Assignment —
Repeat verbatim each line from the line with "Our Rust Printed" to the end of the entries. Pictures do not belong in the copy.

(Records from a collection)
-.-.-

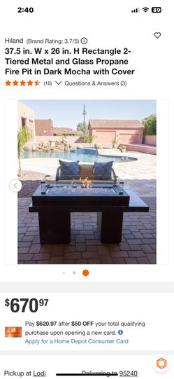 Hiland Dark Mocha Rectangle Propane Fire Pit w/ Cover Stylish Hiland propane fire pit. Dark mocha color, rectangle shape. Has a 2-tiered metal and gl$275Lodi, CA
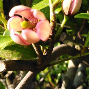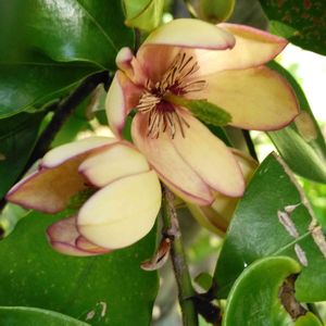 モクレン科 モクレン属 中国南東部 原産 常緑小高木 樹高2~5m 日向から半日向 湿り気のある肥沃な土壌を好む 江戸期に渡来したとされ 日本のオガタマノキ同様 縁起木として神社に植樹された 漢名 含笑花 花言葉 甘い誘惑 バナナの香りのする木 として知られています。 以前はオガマタノキ属として 分類されていました。 ひとつの花は短命で1日程度 たくさんの花を咲かせ 10数日は香りが楽しめます。 オガタマ-神を招くこと 本日のお花 モクレン こちらではすでに終わり 常緑のモクレン科の花が 咲いています。
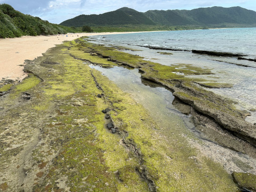 ビーチロックは炭酸カルシウムの膠結作用により、海浜堆積物が膠結されてできる、板状の石灰質の砂礫岩で、サンゴ礁のある砂浜にできることが多い。以前は無かった。
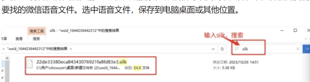 3.接着打开微信聊天记录备份路径,在当前目录下搜索silk后缀文件。(silk文件后缀没法自己改了用哈,文件编译方式不同的。)
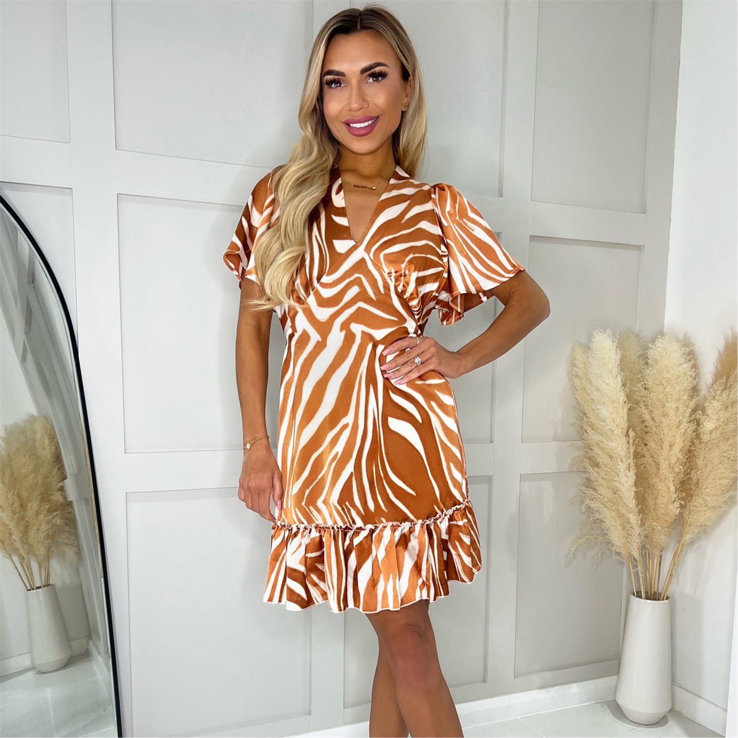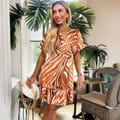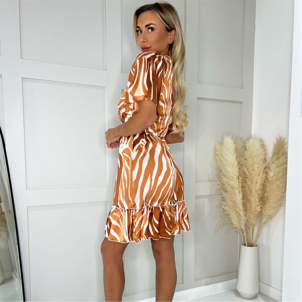 Our Rust Printed Short Sleeve V Neck Mini Dress is a must have this season! Featuring short butterfly sleeves, a v-neckline and a mini length skirt. This dress is perfect to style from day to night! Pair with some strappy heels or trainers and a denim jacket!
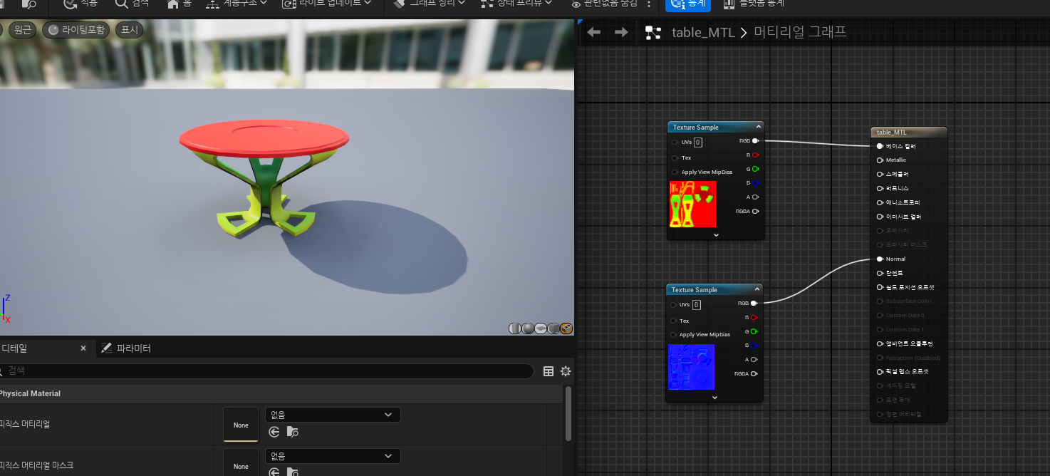 과제물 제작 : 수업 내용 응용하여 테이블에 메터리얼 넣기
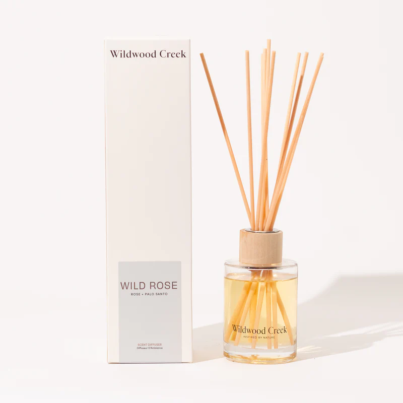 Wild Rose Reed Diffuser: Our Signature Scent Diffuser offers a continuous, effortless way to bring a sense of harmony and balance to your space, providing lasting fragrance without the flame.
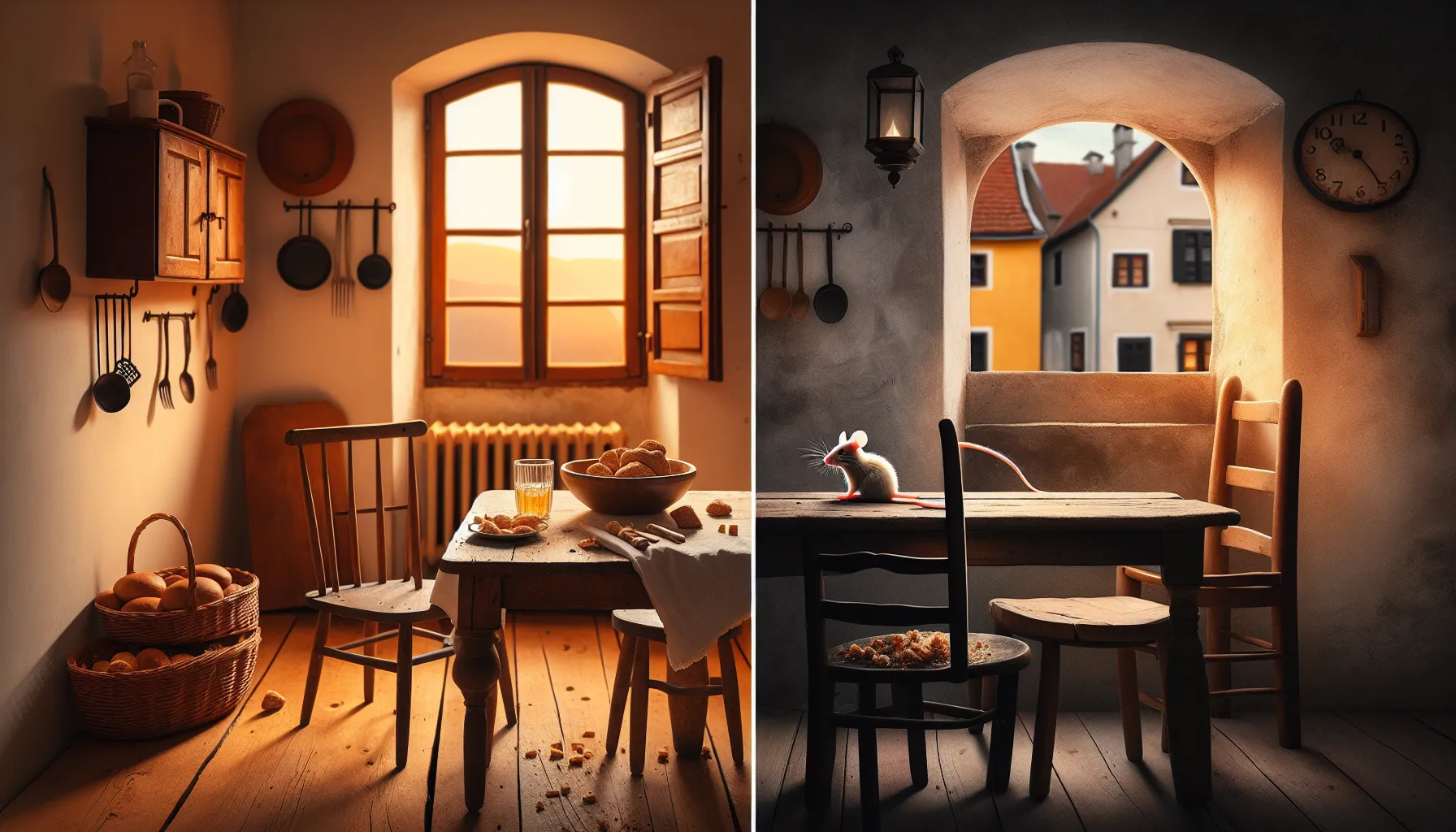 Na trenutak se sve uroti protiv njega—ulovi ga svjetlo iz kuhinje, škripi ladica, u daljini žmirka neka zimska lampica. Ipak, ne posustaje. Vidi mrvice kruha i shvati: nije samo sir važan, nego iskustvo potrage i ona mala pobjeda kad nakon puno pokušaja ipak ugrabi nešto za sebe.

-.-.-

Completed exercise —
 Our Rust Printed Short Sleeve V Neck Mini Dress is a must have this season! Featuring short butterfly sleeves, a v-neckline and a mini length skirt. This dress is perfect to style from day to night! Pair with some strappy heels or trainers and a denim jacket!
 과제물 제작 : 수업 내용 응용하여 테이블에 메터리얼 넣기
 Wild Rose Reed Diffuser: Our Signature Scent Diffuser offers a continuous, effortless way to bring a sense of harmony and balance to your space, providing lasting fragrance without the flame.
 Na trenutak se sve uroti protiv njega—ulovi ga svjetlo iz kuhinje, škripi ladica, u daljini žmirka neka zimska lampica. Ipak, ne posustaje. Vidi mrvice kruha i shvati: nije samo sir važan, nego iskustvo potrage i ona mala pobjeda kad nakon puno pokušaja ipak ugrabi nešto za sebe.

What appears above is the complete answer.